We the Bureaucrats
Every year, the Harvard Law Review invites a well known scholar to write the Foreword, which generally involves an important matter of constitutional law. Writing the Foreword is one of the most prestigious tasks that a legal academic can do. This past year, the Foreword was written by Gillian Metzger and it was largely a discussion about how the present day attacks on the administrative state are echoes of the 1930s opposition to the New Deal. The title says it all: “1930s Redux: The Administrative State Under Siege.”
Metzger’s piece is a defense and celebration of the administrative state. As John McGinnis quipped, its title should have been “We the Bureaucrats.” Metzger’s uses the term “anti-administrativist” almost as a pejorative for people who oppose the administrative state. Well, sign me up.
At the end of the piece, Metzger makes an extremely aggressive argument. Not only does she argue that the administrative state is constitutional (which is not all that unusual, although I think mistaken), but she maintains that it is constitutionally required! Wow. I cannot remember seeing anyone else make this argument.
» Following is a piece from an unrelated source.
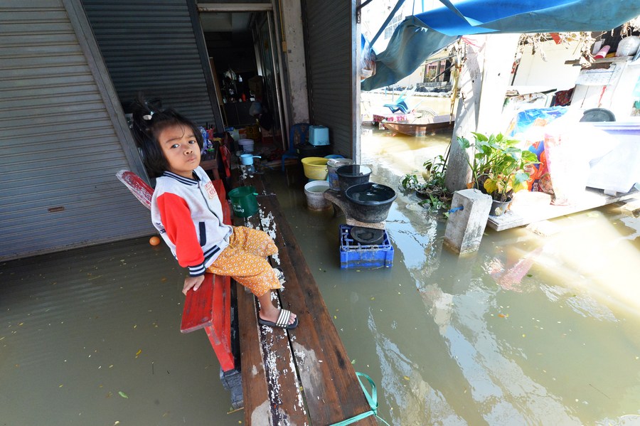 A girl sits over the floodwater outside a house in Ayutthaya, Thailand, on Oct. 18, 2022. (Xinhua/Rachen Sageamsak) ■

What is the argument? It involves a couple of steps. First, Metzger maintains that delegation to administrative agencies is an essential part of contemporary government. It will not, nor should it, be constrained. Second, Metzger relies upon the Take Care Clause to argue that, given delegation, it is necessary for Congress to establish certain familiar portions of the administrative state. For example, if Congress is going to delegate complex and uncertain decisions to the executive branch, then it is required to provide “sufficient administrative resources and personnel, in particular adequate executive branch expertise and specialization, to be able to faithfully execute these delegated responsibilities.” Metzger then goes on even to contemplate the possibility that Congress should be required to establish internal administrative checks, such as civil service protections and internal separation of functions.
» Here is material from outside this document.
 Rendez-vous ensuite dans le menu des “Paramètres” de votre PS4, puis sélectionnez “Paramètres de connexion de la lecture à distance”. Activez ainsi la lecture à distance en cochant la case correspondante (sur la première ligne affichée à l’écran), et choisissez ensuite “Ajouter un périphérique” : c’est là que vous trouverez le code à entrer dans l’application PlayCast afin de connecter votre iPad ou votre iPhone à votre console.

This last move is outlandish. The President’s obligation to Take Care that the laws should be faithfully executed, which has been used to argue that the President should have authority to remove subordinate officials, should now be employed to insulate lower officials from his supervision.
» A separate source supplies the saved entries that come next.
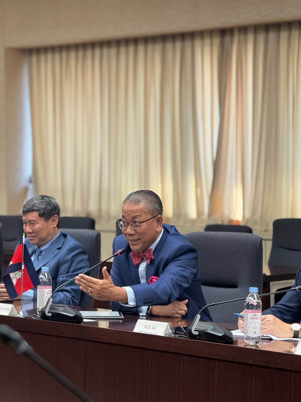 On 26 September 2025, H.E. Prof. Bundit Sapheacha Dr. Sok Siphana, Senior Minister in charge of Special Missions (Multilateral Trade and Economic Affairs), Chairman of the Trade Policy Advisory Board (TPAB), and Chairman of the Comprehensive and Progressive Agreement for Trans-Pacific Partnership (CP-TPP) Study Working Group, held a working session with Mr. TAMURA Hideyasu, Deputy Director-General for Trade Policy of the Trade Policy Bureau of the Ministry of Economy, Trade and Industry (METI).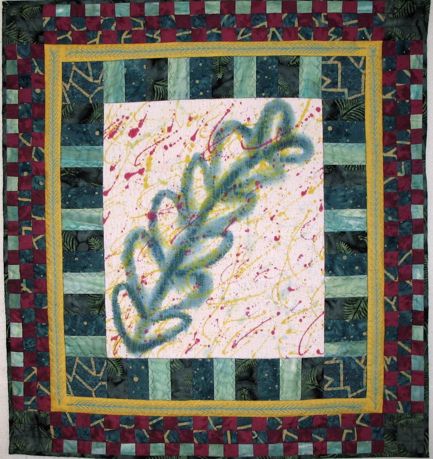 Sparkler It Feels Like Spring - I took a surface design class this spring in which I hand-dyed the center motif. I liked it so much I decided it just had to be made into a quilt and this is the result. When I thought the top was finished, I felt that the narrow yellow border was too strong and I needed to tone it down. I finally decided to machine embroider it with turquoise thread; much to my delight I found a built-in stitch on my machine that was very similar to the motif I had dyed. I just love serendipity!!!!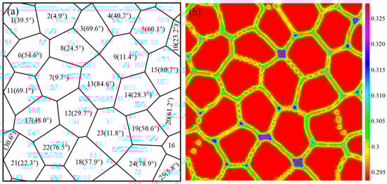 In order to further investigate the micro-deformation mechanism at the atomic scale under applied strain, based on the atomic image of polycrystals, the orientation angle of each grain was measured as shown in Figure 3a, which marked the degree of the orientation angle and the order number.

But even if one looks at the previous argument – that Congress is required to provide sufficient administrative resources and personnel – that is problematic. It is one thing to say that the President needs authority to remove subordinate officials so that he can ensure they take care the laws are faithfully executed.
That removal authority is closely connected to his need to supervise officials. It is quite another to say that these officials need to have expertise. Making sure that agency have sufficient expertise might be good policy. It might help ensure that the laws “are well executed.” But it does not help “the President” ensure that they are “faithfully executed.”
What this Foreword shows is how much freedom lawyers have to construct their own preferred schemes once they depart from the original meaning. In my view, much of the administrative state violates the Constitution’s original meaning. But allow significant departures from the original meaning, and suddenly the administrative state is constitutionally required.